§ **TASK TO COMPLETE**
Reproduce, exactly and only, the lines of the data that follows from the one containing "Рынок торговых центров" down to the one containing "This card is", without pictures.

************

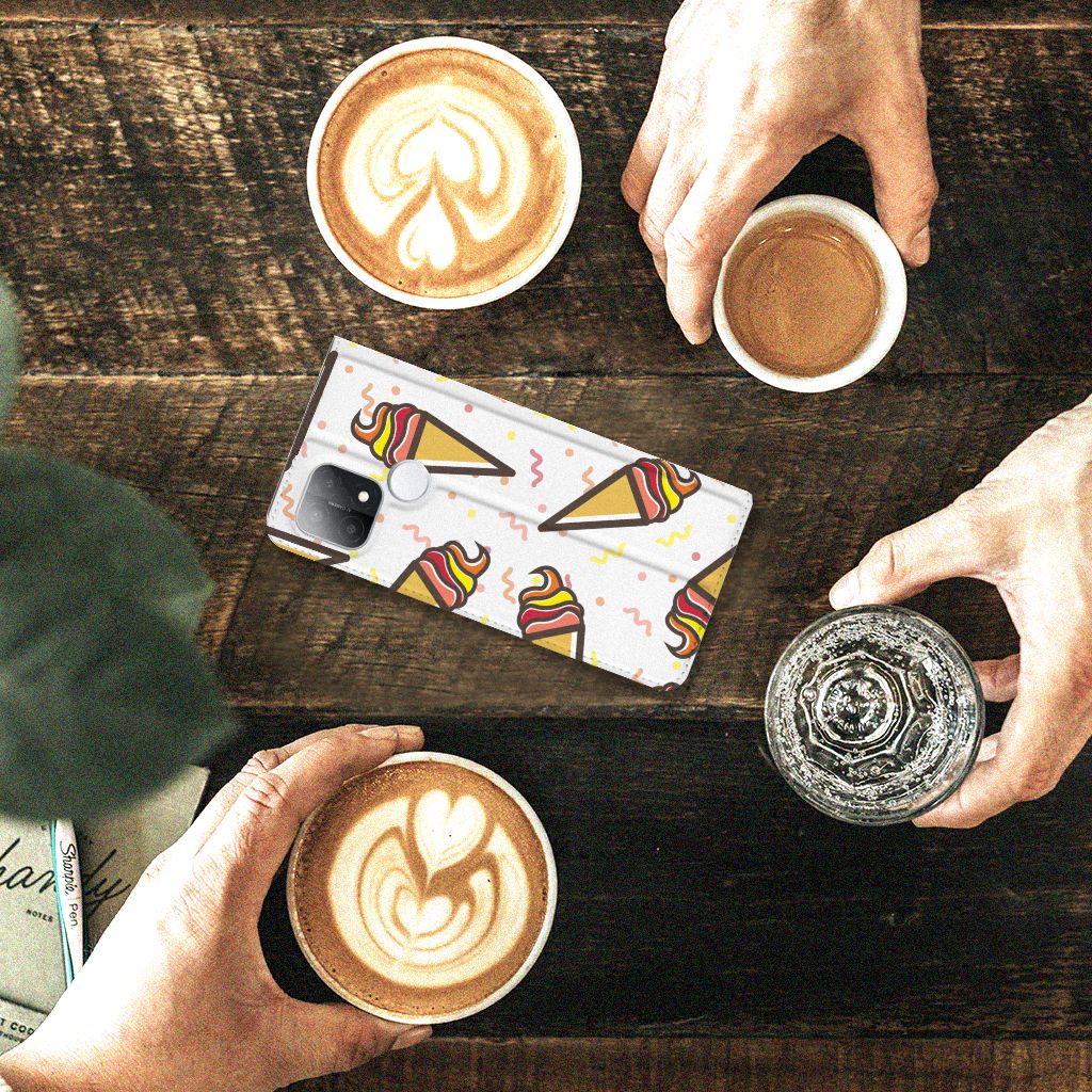 Een vrolijke OPPO A15 Flip Style Cover met daarop verschillende ijsjes. Als je daar geen zomers gevoel meer van krijgt, weten wij het ook niet meer. De zomer en ijsjes zijn onlosmakelijk met elkaar verbonden. Tijdens een bezoekje aan het strand mag een lekker ijsje bijvoorbeeld niet ontbreken. Een design hoesje met lekkere Icecream print past daar natuurlijk ook ontzettend goed bij. Jouw telefoon is helemaal beschermd met een stand case met ijsjes design. De aankoop van deze case is een heerlijke investering, die zich gegarandeerd terugbetaalt. Alle zijden van dit hoesje worden bedrukt met ijsjes. De case heeft een speciale standaard en de houder aan de binnenzijde is van TPU. Onder alle weersomstandigheden zal deze case met opbergvakje perfect functioneren, ook in de zomer met een ijsje in je hand. Dit smaakvolle hoesje is zeer goedkoop te bestellen en wordt zeer snel bezorgd.
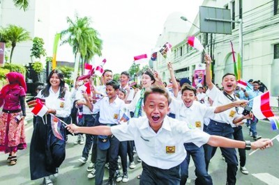 2015年4月24日,在印度尼西亚万隆,孩子们在万隆会议60周年纪念活动仪式现场欢呼雀跃。新华社发 编辑:慕瑜相关推荐:
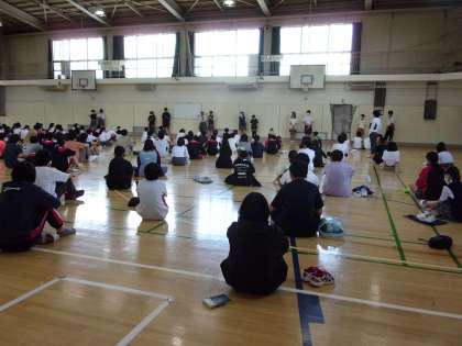 4時間目は2年生が学年集会を行いました。各クラスの学年委員よりクラス反省の発表をおこないました。授業中の私語、タブレットの使用法についての反省をしているクラスが複数ありました。そのあと「学習について」「生活について」それぞれの担当の先生から話をいたしました。最後に学年主任からタブレットやスマートフォンの使い方を含め「人の心を考えた行動をしよう。人を傷つけない言動をしていこう」といの話をいたしました。また、夏休みの生活についての話の中で、特に自転車等の交通事故や金銭の使い方やトラブルに気を付けるよにといった話も併せて行いました。
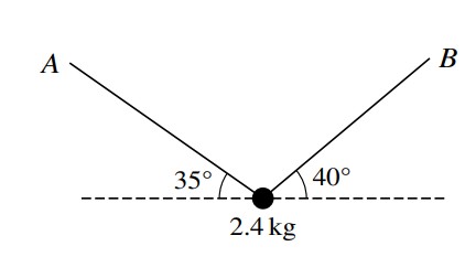 A particle of mass is held in equilibrium by two light inextensible strings, one of which is attached to point A and the other attached to point B. The strings make angles of and with the horizontal (see diagram). Find the tension in each of the two strings.
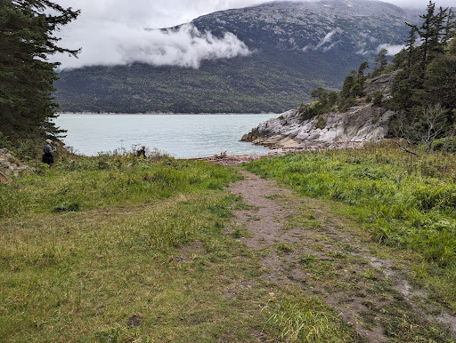 Trails are very well done, with lots of signs and interpretative boards. Thanks to the land and water conservation fund. The skies were clear the day I went in August but the forested trails kept us cool. Along the trail, thereās lots of mushrooms, berries, devilās claw, moss, lichen, red squirrels and birds singing. Beautiful view of the majestic mountains and the Chilkoot inlet.
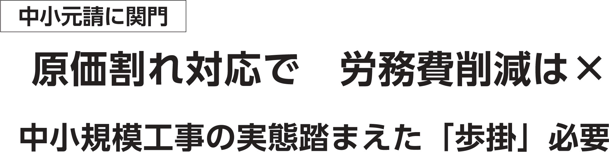 中小元請はこのほかにも厳しい局面が予想されます。一つは官積算で1日の労働時間8時間を前提にしていることです。生産性が大きく低下する夏季や、現場移動が労働時間にカウントされる現場への対応はまだ整っていません。さらに中小企業が受注する小ロット工事に、国交省が定める標準歩掛を対応させると原価割れとなるケースが現実にあることが公共発注者との意見交換で浮き彫りになっています。予定価格時点で原価割れが生じ、かつその予定価格から1割程度を削減し応札することは、収益をさらに悪化させかねません。
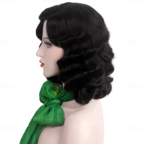 Black 20s Wig for Women Long Finger Wave Party Wig Synthetic Full Vintage Wigs for Womens Lady Cosplay Costume Fancy Dress 1920s Flapper Wig Halloween Wigs
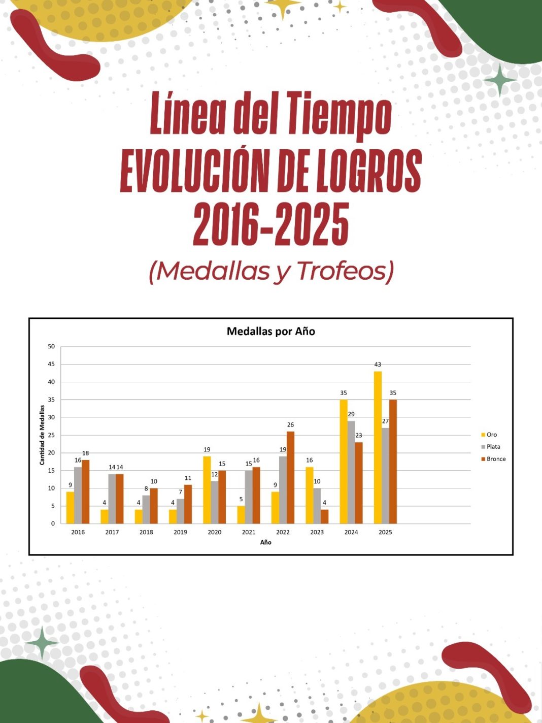 Otro aspecto clave del balance es el fortalecimiento del nivel y la constancia competitiva. La medallería anual muestra no solo un aumento en cantidad, sino una mayor diversidad de disciplinas aportando resultados, lo que evidencia la consolidación de programas deportivos, la detección de talento local y la madurez de los procesos formativos.
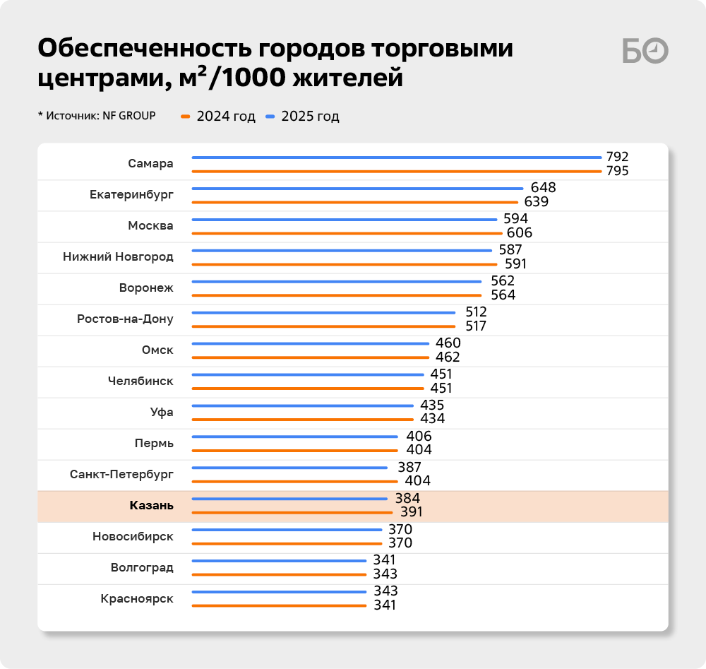 Рынок торговых центров в других городах начинает сжиматься уже сейчас. С 2024 по 2025 год у одного из лидеров рейтинга, Екатеринбурга, снизилось количество торговых площадей сразу на 9% — с 648 до 639 кв. метров. Отдельные ТЦ стали закрываться по решению суда из-за несоблюдения норм пожарной безопасности и требований антитеррористической защиты. Чуть снизилась обеспеченность моллами в Уфе и Перми.
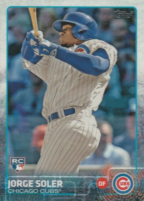 This card is 1 of 3 Jorge Soler's card variations in the 2015 Topps set being tracked by Sports Card Investor, including Base (Swinging Up), and Photo Variation (Bat Not Visible).
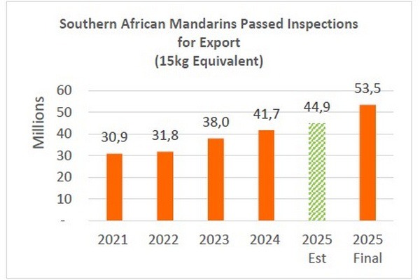 In Sudafrica la stagione 2025 dei mandarini si è conclusa con volumi di produzione più elevati e un output di confezionamento che ha costantemente superato le aspettative iniziali. Il Focus Group ha rivisto al rialzo le sue previsioni durante tutta la stagione, chiudendo con un volume finale imballato di 53,5 milioni di cartoni, rispetto a una stima iniziale di 44,9 milioni di cartoni. Ciò riflette un aumento del 19% rispetto alla prima previsione.
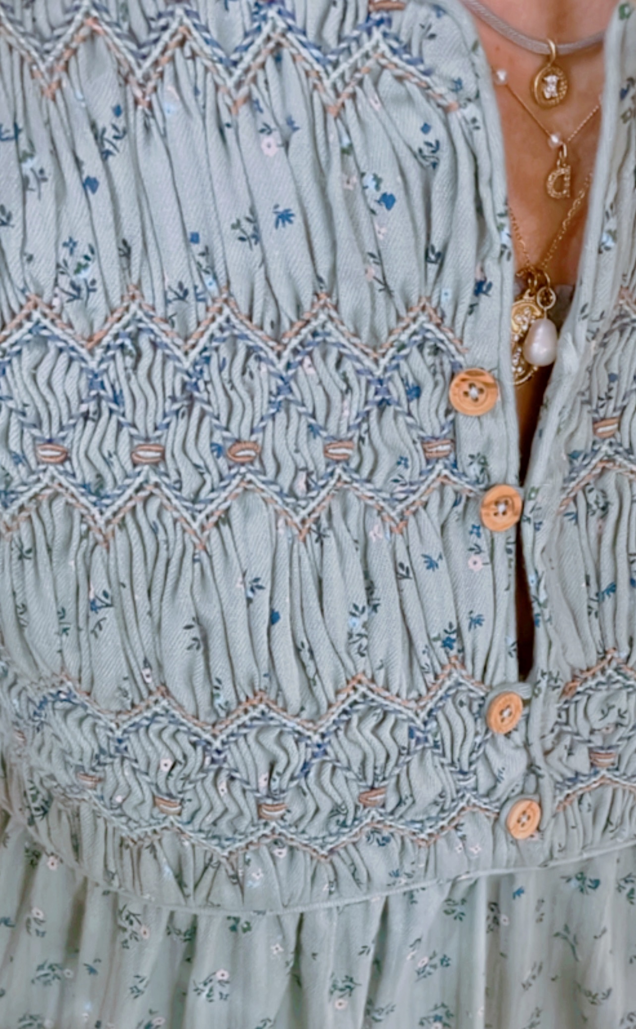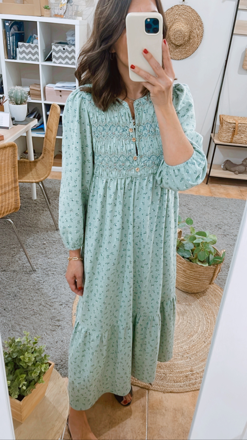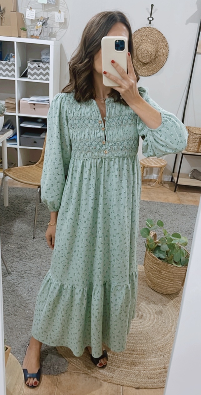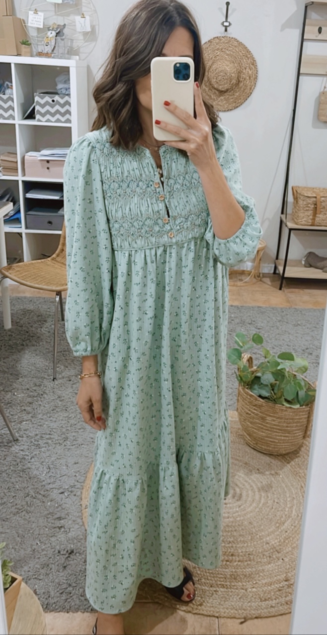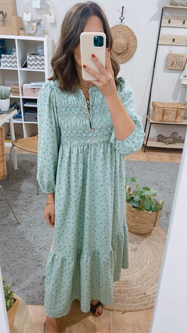 Vestido largo estampado fondo verde agua. Capacete bordado a mano nido abeja con rococós. Escote redondo, abertura delantera que cierra con presillas y botones de madera.Amplio volante fruncido en bajo. Bolsillos en costura lateral.

************

§ **PROBLEM SOLUTION**
 Рынок торговых центров в других городах начинает сжиматься уже сейчас. С 2024 по 2025 год у одного из лидеров рейтинга, Екатеринбурга, снизилось количество торговых площадей сразу на 9% — с 648 до 639 кв. метров. Отдельные ТЦ стали закрываться по решению суда из-за несоблюдения норм пожарной безопасности и требований антитеррористической защиты. Чуть снизилась обеспеченность моллами в Уфе и Перми.
 This card is 1 of 3 Jorge Soler's card variations in the 2015 Topps set being tracked by Sports Card Investor, including Base (Swinging Up), and Photo Variation (Bat Not Visible).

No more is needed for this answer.